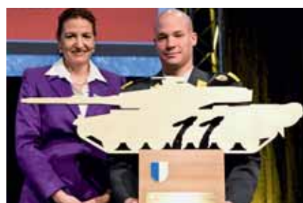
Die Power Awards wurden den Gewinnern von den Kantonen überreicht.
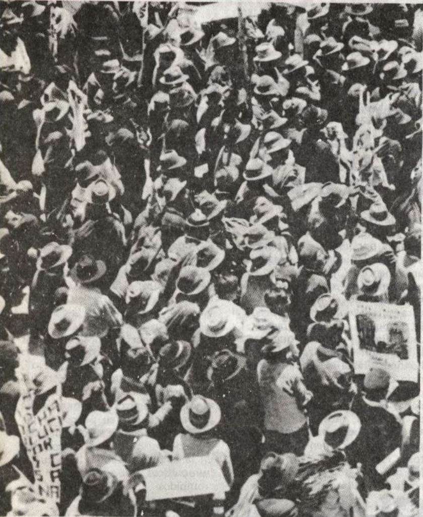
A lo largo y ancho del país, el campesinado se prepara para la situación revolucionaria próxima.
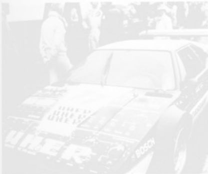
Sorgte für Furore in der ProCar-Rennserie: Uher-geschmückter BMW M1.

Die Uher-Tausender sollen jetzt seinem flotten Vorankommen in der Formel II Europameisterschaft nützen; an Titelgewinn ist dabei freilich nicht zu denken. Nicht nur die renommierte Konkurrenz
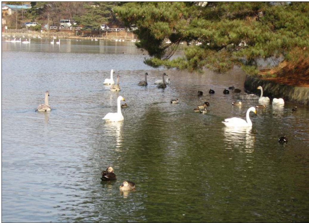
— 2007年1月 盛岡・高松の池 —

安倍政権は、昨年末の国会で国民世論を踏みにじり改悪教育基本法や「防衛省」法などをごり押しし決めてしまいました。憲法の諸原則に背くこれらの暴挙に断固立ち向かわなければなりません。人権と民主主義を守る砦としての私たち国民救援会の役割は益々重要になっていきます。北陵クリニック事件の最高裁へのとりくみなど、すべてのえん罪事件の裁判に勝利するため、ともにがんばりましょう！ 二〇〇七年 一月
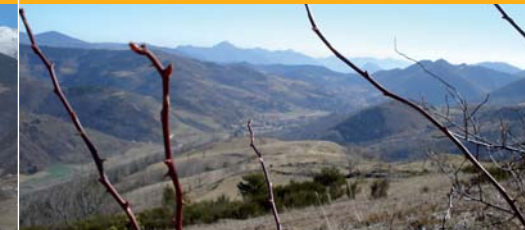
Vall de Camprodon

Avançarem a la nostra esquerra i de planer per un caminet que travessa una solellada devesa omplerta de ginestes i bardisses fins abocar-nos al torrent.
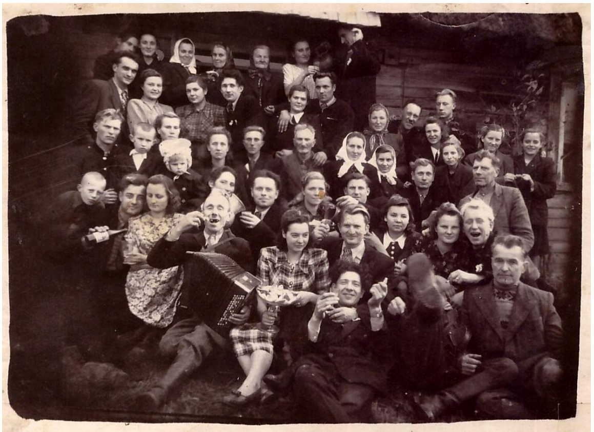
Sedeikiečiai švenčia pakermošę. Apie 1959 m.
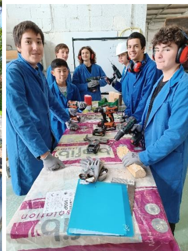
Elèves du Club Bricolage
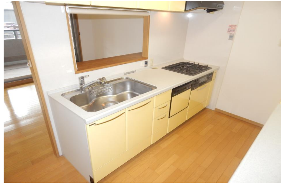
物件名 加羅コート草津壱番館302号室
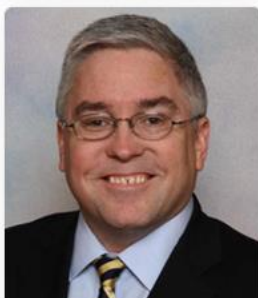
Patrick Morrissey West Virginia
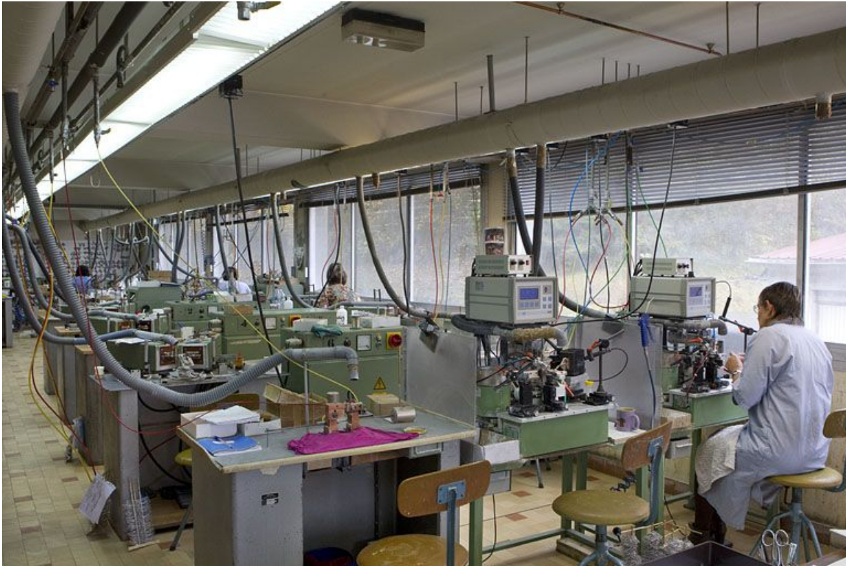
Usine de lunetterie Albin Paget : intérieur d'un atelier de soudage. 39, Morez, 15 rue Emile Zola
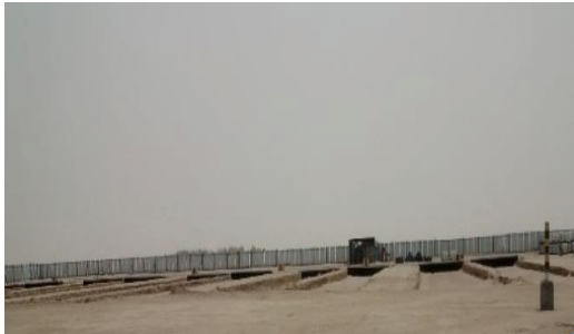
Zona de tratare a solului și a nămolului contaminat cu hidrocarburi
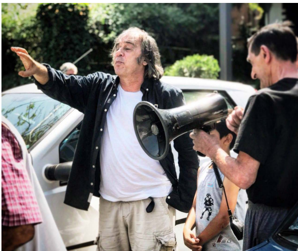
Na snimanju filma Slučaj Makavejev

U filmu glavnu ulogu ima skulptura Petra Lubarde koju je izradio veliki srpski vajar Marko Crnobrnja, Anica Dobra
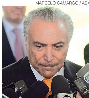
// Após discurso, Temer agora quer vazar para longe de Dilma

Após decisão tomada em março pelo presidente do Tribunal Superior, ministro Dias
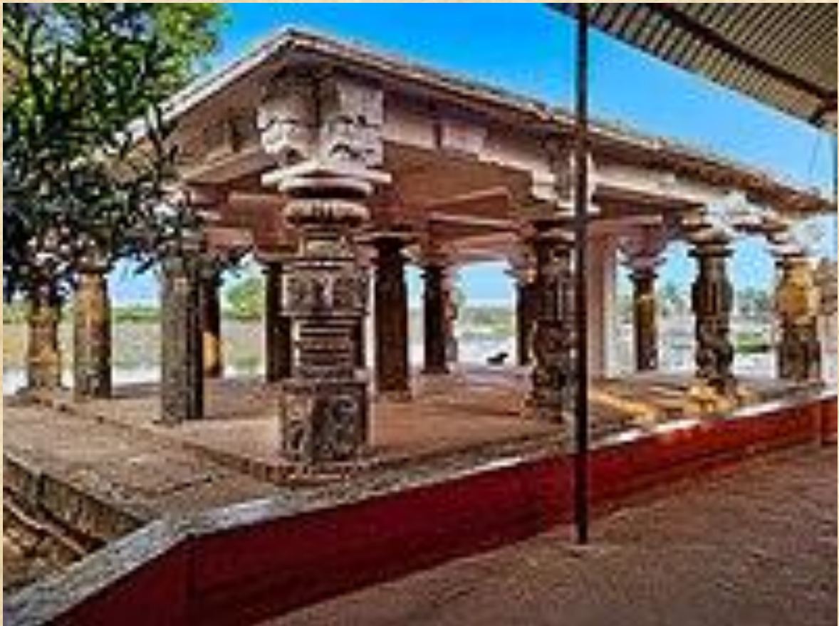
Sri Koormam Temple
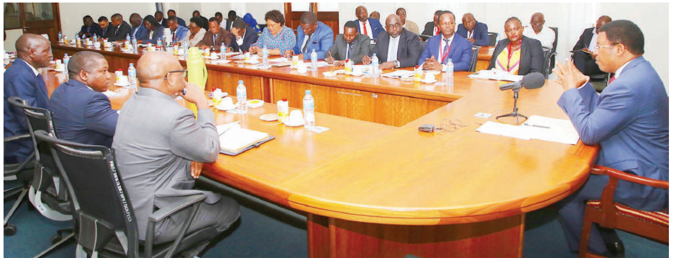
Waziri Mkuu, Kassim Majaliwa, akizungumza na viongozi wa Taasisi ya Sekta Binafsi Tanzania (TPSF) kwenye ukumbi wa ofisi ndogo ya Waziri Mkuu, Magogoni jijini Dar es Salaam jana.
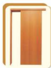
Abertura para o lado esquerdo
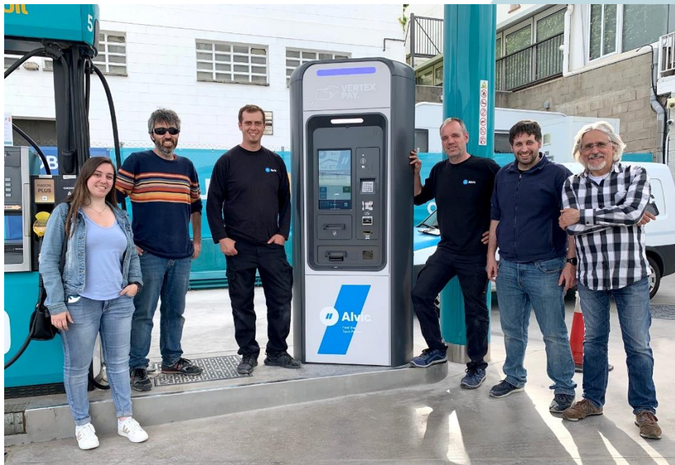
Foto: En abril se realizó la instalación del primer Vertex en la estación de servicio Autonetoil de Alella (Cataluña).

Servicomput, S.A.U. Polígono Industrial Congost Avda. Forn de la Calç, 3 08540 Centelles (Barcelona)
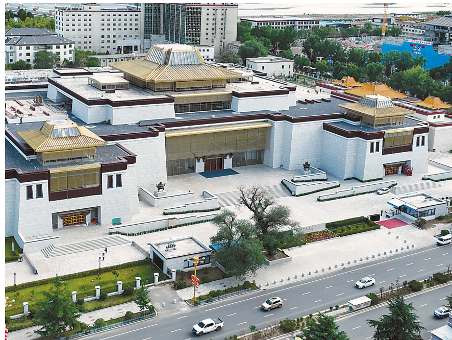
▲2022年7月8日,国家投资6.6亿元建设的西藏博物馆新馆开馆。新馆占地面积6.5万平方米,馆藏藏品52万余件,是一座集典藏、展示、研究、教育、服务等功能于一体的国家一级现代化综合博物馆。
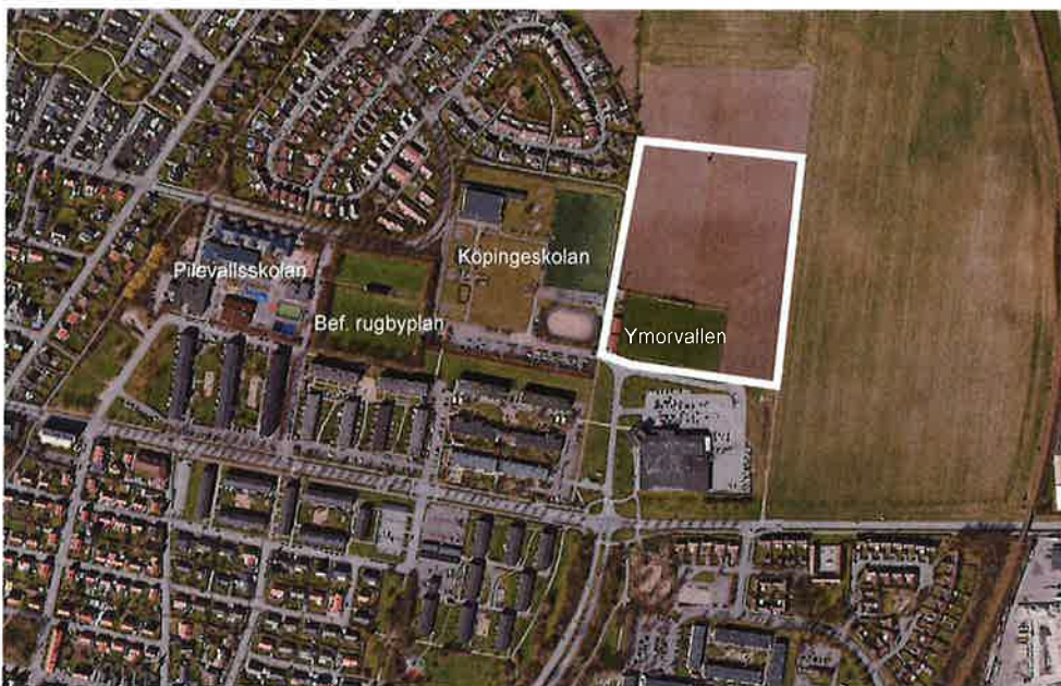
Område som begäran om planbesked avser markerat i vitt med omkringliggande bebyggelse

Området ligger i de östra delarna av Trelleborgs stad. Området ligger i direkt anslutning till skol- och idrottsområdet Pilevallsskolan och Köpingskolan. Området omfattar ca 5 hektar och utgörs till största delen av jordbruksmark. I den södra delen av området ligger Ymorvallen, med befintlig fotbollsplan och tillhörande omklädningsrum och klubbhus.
════
▸ **The problem**
Every line above is to be repeated exactly, but no picture is to appear in the copy.

▸ **Written reply**
Die Power Awards wurden den Gewinnern von den Kantonen überreicht.
A lo largo y ancho del país, el campesinado se prepara para la situación revolucionaria próxima.
Sorgte für Furore in der ProCar-Rennserie: Uher-geschmückter BMW M1.

Die Uher-Tausender sollen jetzt seinem flotten Vorankommen in der Formel II Europameisterschaft nützen; an Titelgewinn ist dabei freilich nicht zu denken. Nicht nur die renommierte Konkurrenz
— 2007年1月 盛岡・高松の池 —

安倍政権は、昨年末の国会で国民世論を踏みにじり改悪教育基本法や「防衛省」法などをごり押しし決めてしまいました。憲法の諸原則に背くこれらの暴挙に断固立ち向かわなければなりません。人権と民主主義を守る砦としての私たち国民救援会の役割は益々重要になっていきます。北陵クリニック事件の最高裁へのとりくみなど、すべてのえん罪事件の裁判に勝利するため、ともにがんばりましょう！ 二〇〇七年 一月
Vall de Camprodon

Avançarem a la nostra esquerra i de planer per un caminet que travessa una solellada devesa omplerta de ginestes i bardisses fins abocar-nos al torrent.
Sedeikiečiai švenčia pakermošę. Apie 1959 m.
Elèves du Club Bricolage
物件名 加羅コート草津壱番館302号室
Patrick Morrissey West Virginia
Usine de lunetterie Albin Paget : intérieur d'un atelier de soudage. 39, Morez, 15 rue Emile Zola
Zona de tratare a solului și a nămolului contaminat cu hidrocarburi
Na snimanju filma Slučaj Makavejev

U filmu glavnu ulogu ima skulptura Petra Lubarde koju je izradio veliki srpski vajar Marko Crnobrnja, Anica Dobra
// Após discurso, Temer agora quer vazar para longe de Dilma

Após decisão tomada em março pelo presidente do Tribunal Superior, ministro Dias
Sri Koormam Temple
Waziri Mkuu, Kassim Majaliwa, akizungumza na viongozi wa Taasisi ya Sekta Binafsi Tanzania (TPSF) kwenye ukumbi wa ofisi ndogo ya Waziri Mkuu, Magogoni jijini Dar es Salaam jana.
Abertura para o lado esquerdo
Foto: En abril se realizó la instalación del primer Vertex en la estación de servicio Autonetoil de Alella (Cataluña).

Servicomput, S.A.U. Polígono Industrial Congost Avda. Forn de la Calç, 3 08540 Centelles (Barcelona)
▲2022年7月8日,国家投资6.6亿元建设的西藏博物馆新馆开馆。新馆占地面积6.5万平方米,馆藏藏品52万余件,是一座集典藏、展示、研究、教育、服务等功能于一体的国家一级现代化综合博物馆。
Område som begäran om planbesked avser markerat i vitt med omkringliggande bebyggelse

Området ligger i de östra delarna av Trelleborgs stad. Området ligger i direkt anslutning till skol- och idrottsområdet Pilevallsskolan och Köpingskolan. Området omfattar ca 5 hektar och utgörs till största delen av jordbruksmark. I den södra delen av området ligger Ymorvallen, med befintlig fotbollsplan och tillhörande omklädningsrum och klubbhus.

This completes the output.